Where $\Phi$is the cumulative distribution function (CDF) of the standard normal distribution.

It has a few special cases:

• When θ = 0, it is the Independent Copula
• When θ = ∞, it is the M Copula (Upper Frechet-Hoeffding bound)

References:

• Maxima of normal random vectors: between independence and complete dependence. Statist. Probab. 1989.

LogCopula{P}

Fields:

- θ::Real - parameter

Constructor

LogCopula(θ)

The bivariate Logistic copula (or Gumbel Copula) is parameterized by $\theta \in [1,\infty)$. It is an Extreme value copula with Pickands dependence function:

\[A(t) = (t^{\theta}+(1-t)^{\theta})^{\frac{1}{\theta}}\]

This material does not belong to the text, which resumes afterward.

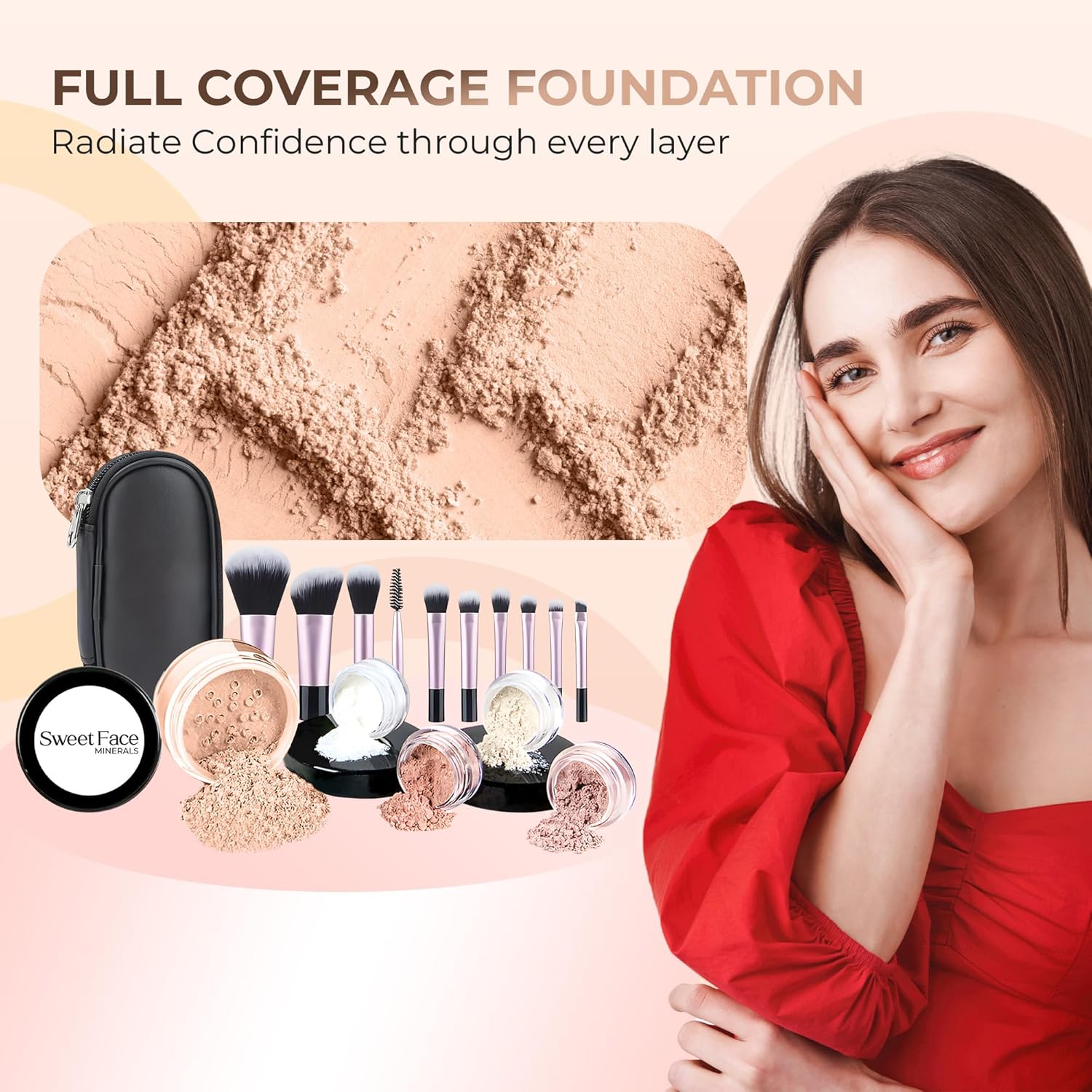 - 【 PERFECTLY SIZED FOR BEGINNERS & TRIAL USE 】: This kit is thoughtfully designed with smaller 5 g jars for blush, bronzer, and finishing powder, and a larger 20 g foundation jar so you can explore and experience Sweet Face Minerals before committing to full-size products. It’s ideal for those new to makeup, learning application techniques, doing makeup occasionally, or needing compact, travel-friendly jars. Please note: these are intentionally smaller starter sizes, not full-size products.

It has a few special cases:

• When θ = 1, it is the IndependentCopula
• When θ = ∞, is is the MCopula (Upper Frechet-Hoeffding bound)

References:

• Bivariate extreme value theory: models and estimation. Biometrika, 1988.

MixedCopula{P}

Fields:

- θ::Real - parameter

Constructor

MixedCopula(θ)

The bivariate Mixed copula is parameterized by $\alpha \in [0,1]$. It is an Extreme value copula with Pickands dependence function:

\[A(t) = \theta t^2 - \theta t + 1\]

It has a few special cases:

• When θ = 0, it is the IndependentCopula

References:

• Bivariate extreme value theory: models and estimation. Biometrika, 1988.

MOCopula{P}

Fields:

- λ1::Real - parameter
- λ2::Real - parameter
- λ12::Real - parameter

Constructor

MOCopula(θ)

The bivariate Marshall-Olkin copula is parameterized by $\lambda_i \in [0,\infty), i = 1, 2, \{1,2\}$. It is an Extreme value copula with Pickands dependence function:

\[A(t) = \frac{\lambda_1 (1-t)}{\lambda_1 + \lambda_{1,2}} + \frac{\lambda_2 t}{\lambda_2 + \lambda_{1,2}} + \lambda_{1,2}\max\left \{\frac{1-t}{\lambda_1 + \lambda_{1,2}}, \frac{t}{\lambda_2 + \lambda_{1,2}} \right \} \]

References:

• Simulating copulas: stochastic models, sampling algorithms, and applications. 2017.

tEVCopula{P}

Fields: - ν::Real - paremeter - θ::Real - Parameter

Constructor

tEVCopula(ν, θ)

The bivariate extreme t copula is parameterized by $\nu \in [0,\infty)$ and \theta \in (-1,1]. It is an Extreme value copula with Pickands dependence function:

\[A(x) = xt_{\nu+1}(Z_x) +(1-x)t_{\nu+1}(Z_{1-x})\]

Where $t_{\nu + 1}$is the cumulative distribution function (CDF) of the standard t distribution with \nu + 1 degrees of freedom and

\[Z_x = \frac{(1+\nu)^{1/2}{\sqrt{1-\theta^2}}\left [ \left (\frac{x}{1-x} \right )^{1/\nu} - \theta \right ]\]

It has a few special cases:

• When θ = 0, it is the Independent Copula
• When θ = ∞, it is the M Copula (Upper Frechet-Hoeffding bound)

References:

• Extreme value properties of multivariate t copulas. Springer. 2008.